The choice of appropriate restriction enzyme(s) is critical for the effective design of any study using RAD sequencing and related methods such as genotyping-by-sequencing (GBS) (Elshire et al. 2011), multiplexed shotgun genotyping (MSG) (Andolfatto et al. 2011), and double digest RAD-seq (ddRAD) (Peterson et al. 2012), among others. This choice determines the number of markers that can be obtained, the amount of sequencing needed for a desired coverage level, the number of samples that can be multiplexed, the monetary cost, and ultimately the success of a project. It has been widely suggested that the number of restriction sites in a genome, for a given enzyme, can be roughly predicted using simple probability, if one has an idea of the genome size and GC composition (Baird et al. 2008; Davey et al. 2011). Both of these parameters can be measured approximately in non-model organisms through sequencing-independent techniques such as flow cytometry (Vinogradov 1994; Vinogradov 1998; Šmarda et al. 2011).
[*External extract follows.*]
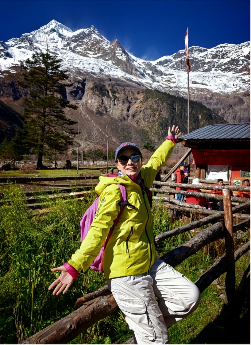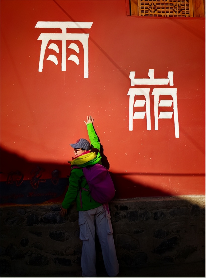 餐厅里吃一碗辣香的米线,唇齿留香。兴奋与期待中,背起简单的行囊,大踏步向徒步起点奔去。转角处,一面写有“雨崩”的红墙,令人忍不住打卡留念,那鲜艳的红色,仿佛在讲述着这片土地的神奇。倚着石砌的半墙,与雪山同框;站在梯子上,与帐篷旁的驴友招手致意。是想听人家的故事,还是要问问数星星的浪漫?这一刻,人与自然仿佛融为一体,美丽的风景中,有你有我还有他。

However, preliminary evidence has suggested that there can be significant departures from expectations for particular combinations of taxa and restriction enzymes (Davey and Blaxter 2011; Davey et al. 2011).
Type II restriction enzymes, endonucleases chiefly produced by prokaryotic microorganisms, cleave double stranded DNA (dsDNA) at specific unmethylated recognition sequences 4 to 8 base pairs long that are usually palindromic. These enzymes are thought to play an important role as defense systems against foreign phage dsDNA during infection or as selfish parasitic elements, and therefore have been the center of an evolutionary ‘arms race’ (Rambach and Tiollais 1974; Karlin et al. 1992; Rocha et al. 2001). Type II restriction enzymes are not known in eukaryotes and are not used as virulence factors by bacteria to infect eukaryotic hosts. Therefore there are no a priori reasons to believe that recognition sites in eukaryotic genomes are subject to selective pressures, but rather should be evolutionarily neutral. Eukaryotic genomes are known to have heterogeneous compositions with characteristic signatures at the level of di- and trinucleotides that are largely independent of coding status or function (Karlin and Mrázek 1997; Karlin et al. 1998; Gentles 2001). It is thus possible that genome composition at these levels has a large influence in the abundance of short sequence patterns, like recognition sequences of restriction enzymes, in eukaryotes.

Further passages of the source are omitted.